| MATERIAL FOR THIS EXERCISE |
....

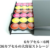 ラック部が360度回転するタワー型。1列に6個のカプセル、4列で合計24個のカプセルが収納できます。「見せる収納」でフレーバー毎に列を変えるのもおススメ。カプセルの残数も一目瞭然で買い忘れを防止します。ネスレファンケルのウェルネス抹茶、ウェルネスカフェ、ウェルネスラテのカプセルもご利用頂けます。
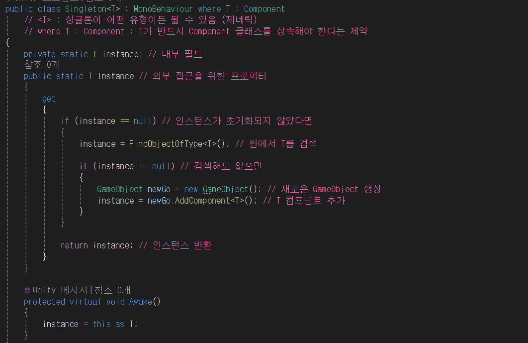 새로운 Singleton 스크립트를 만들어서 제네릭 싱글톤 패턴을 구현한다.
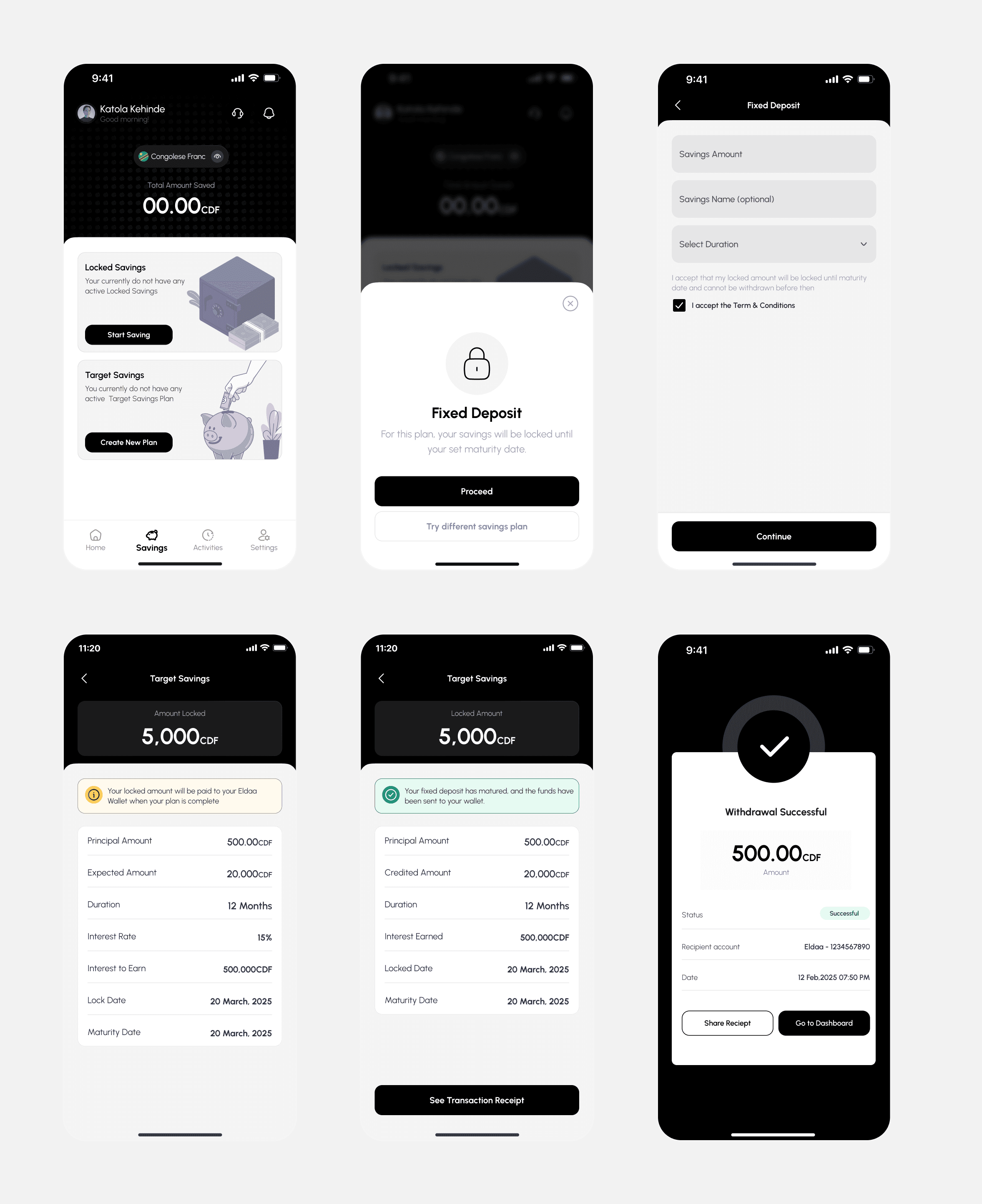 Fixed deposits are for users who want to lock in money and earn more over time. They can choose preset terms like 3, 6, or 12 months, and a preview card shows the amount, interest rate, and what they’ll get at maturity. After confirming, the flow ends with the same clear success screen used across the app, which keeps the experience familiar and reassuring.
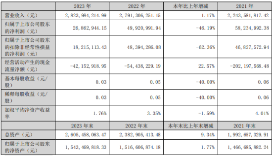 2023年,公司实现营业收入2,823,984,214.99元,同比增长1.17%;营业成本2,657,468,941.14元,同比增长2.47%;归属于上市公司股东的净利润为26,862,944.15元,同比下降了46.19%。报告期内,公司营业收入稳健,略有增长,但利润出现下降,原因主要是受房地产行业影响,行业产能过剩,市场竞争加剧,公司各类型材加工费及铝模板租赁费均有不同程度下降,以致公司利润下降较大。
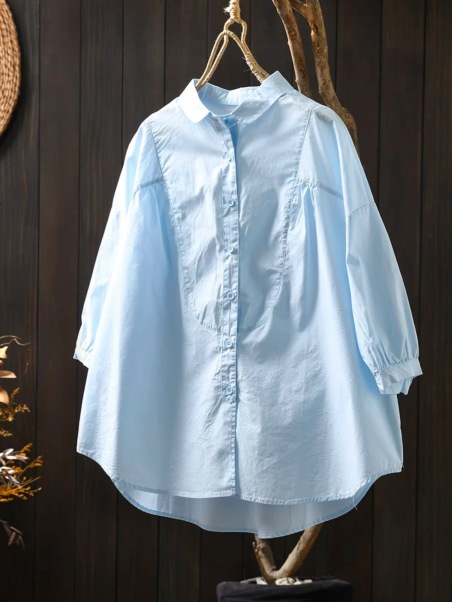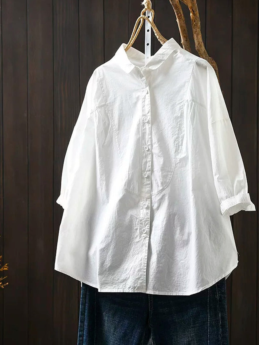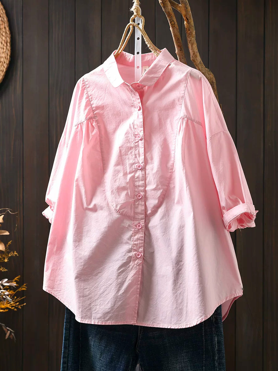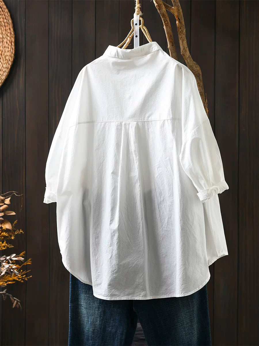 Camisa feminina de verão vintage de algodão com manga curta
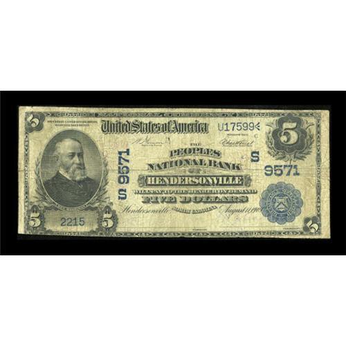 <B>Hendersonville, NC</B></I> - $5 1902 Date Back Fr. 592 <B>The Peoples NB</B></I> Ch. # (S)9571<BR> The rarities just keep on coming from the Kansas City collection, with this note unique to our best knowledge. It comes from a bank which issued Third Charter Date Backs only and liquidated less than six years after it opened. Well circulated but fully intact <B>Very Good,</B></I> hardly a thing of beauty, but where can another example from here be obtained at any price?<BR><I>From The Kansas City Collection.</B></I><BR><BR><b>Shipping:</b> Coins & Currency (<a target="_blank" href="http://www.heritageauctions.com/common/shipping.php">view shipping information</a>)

....

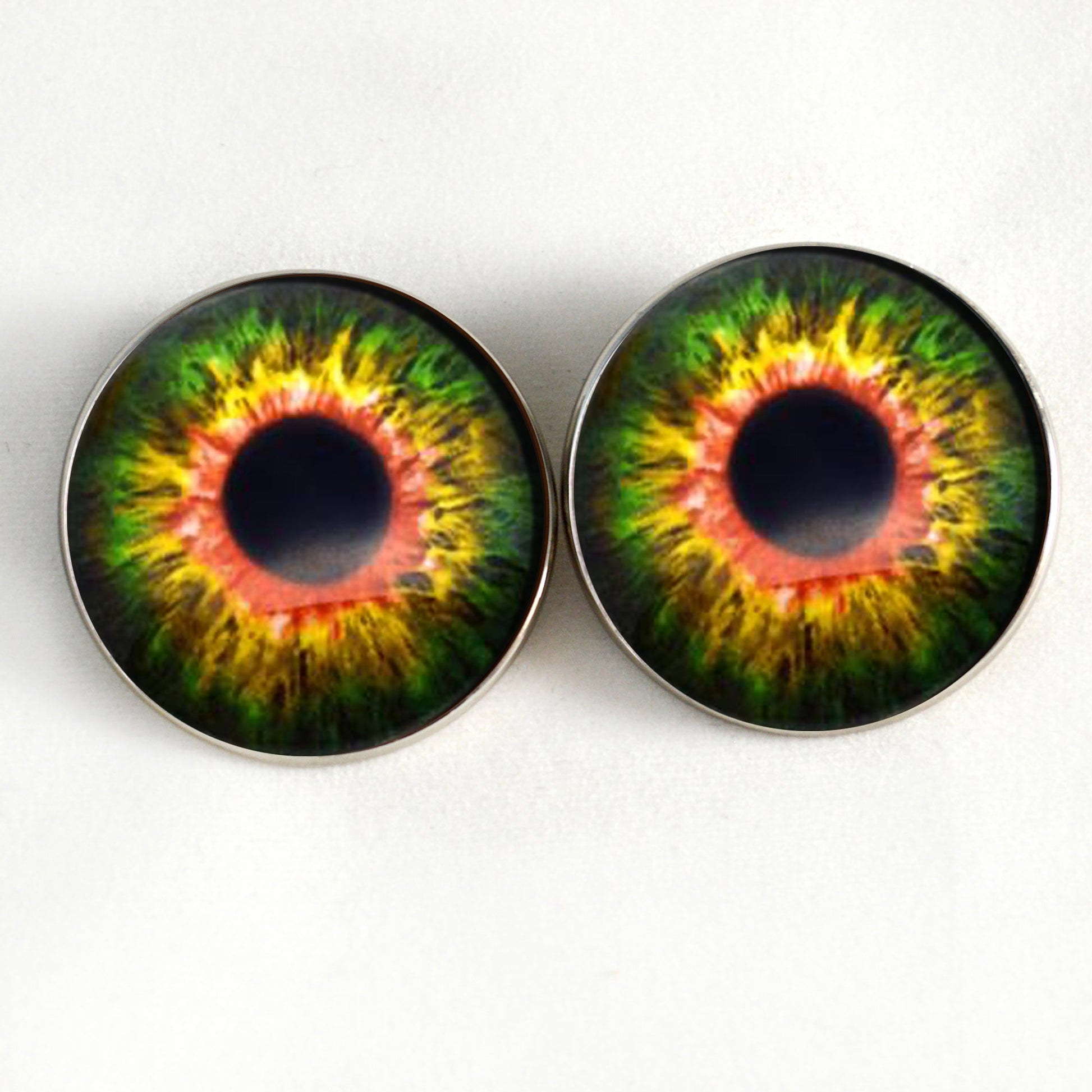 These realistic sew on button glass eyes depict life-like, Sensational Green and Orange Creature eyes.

....

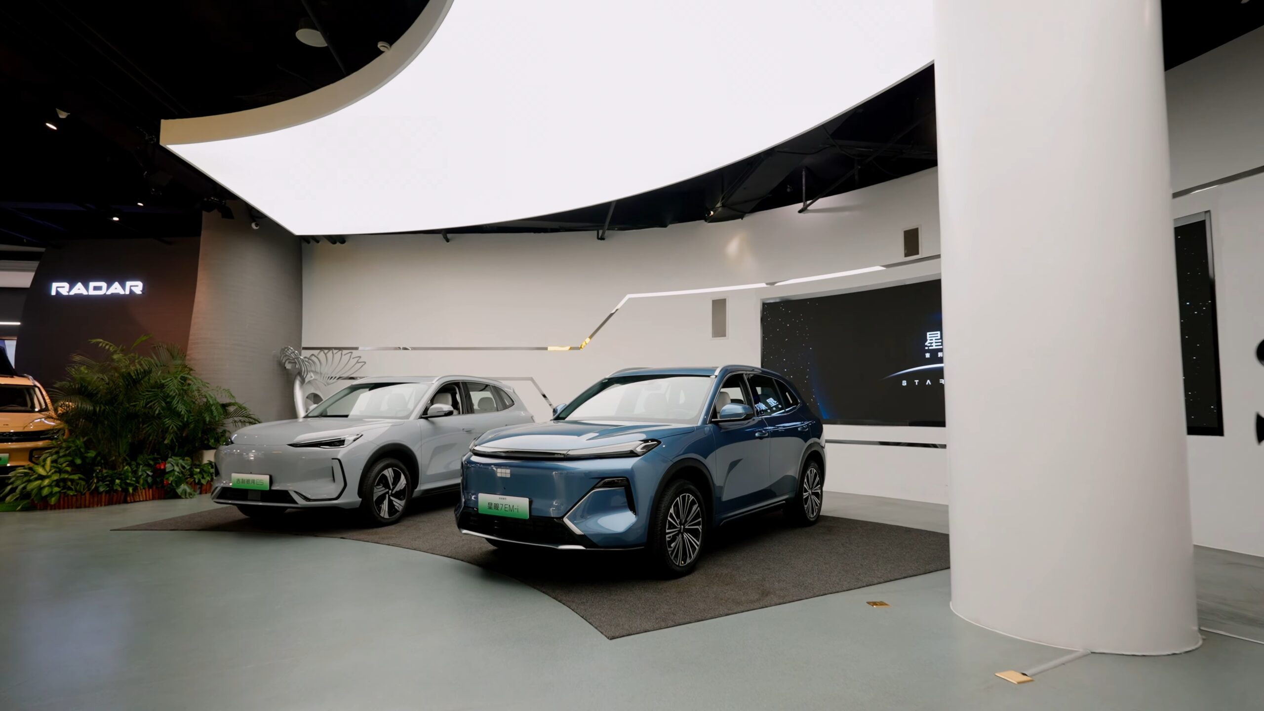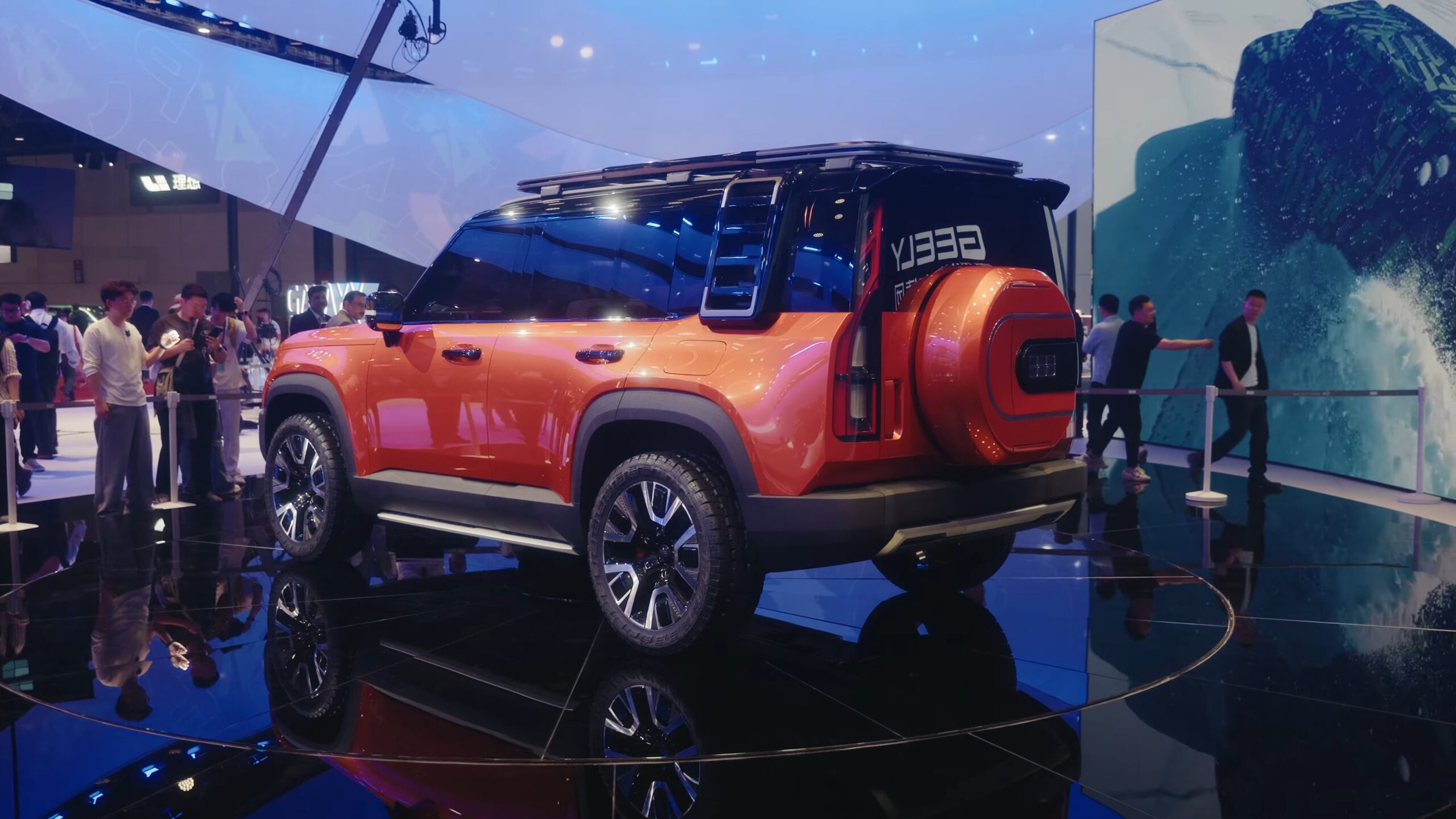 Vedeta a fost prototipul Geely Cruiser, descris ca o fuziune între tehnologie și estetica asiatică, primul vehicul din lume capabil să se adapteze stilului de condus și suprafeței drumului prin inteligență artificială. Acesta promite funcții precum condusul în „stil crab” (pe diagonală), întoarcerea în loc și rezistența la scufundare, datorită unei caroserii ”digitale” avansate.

....

| TASK BRIEF |
Nothing but the lines above, starting at the line that contains "Camisa feminina de" and ending at the line that contains "<B>Hendersonville, NC</B></I> - $5", should be given again, exactly and without the pictures.

| EXERCISE ANSWER |
 Camisa feminina de verão vintage de algodão com manga curta
 <B>Hendersonville, NC</B></I> - $5 1902 Date Back Fr. 592 <B>The Peoples NB</B></I> Ch. # (S)9571<BR> The rarities just keep on coming from the Kansas City collection, with this note unique to our best knowledge. It comes from a bank which issued Third Charter Date Backs only and liquidated less than six years after it opened. Well circulated but fully intact <B>Very Good,</B></I> hardly a thing of beauty, but where can another example from here be obtained at any price?<BR><I>From The Kansas City Collection.</B></I><BR><BR><b>Shipping:</b> Coins & Currency (<a target="_blank" href="http://www.heritageauctions.com/common/shipping.php">view shipping information</a>)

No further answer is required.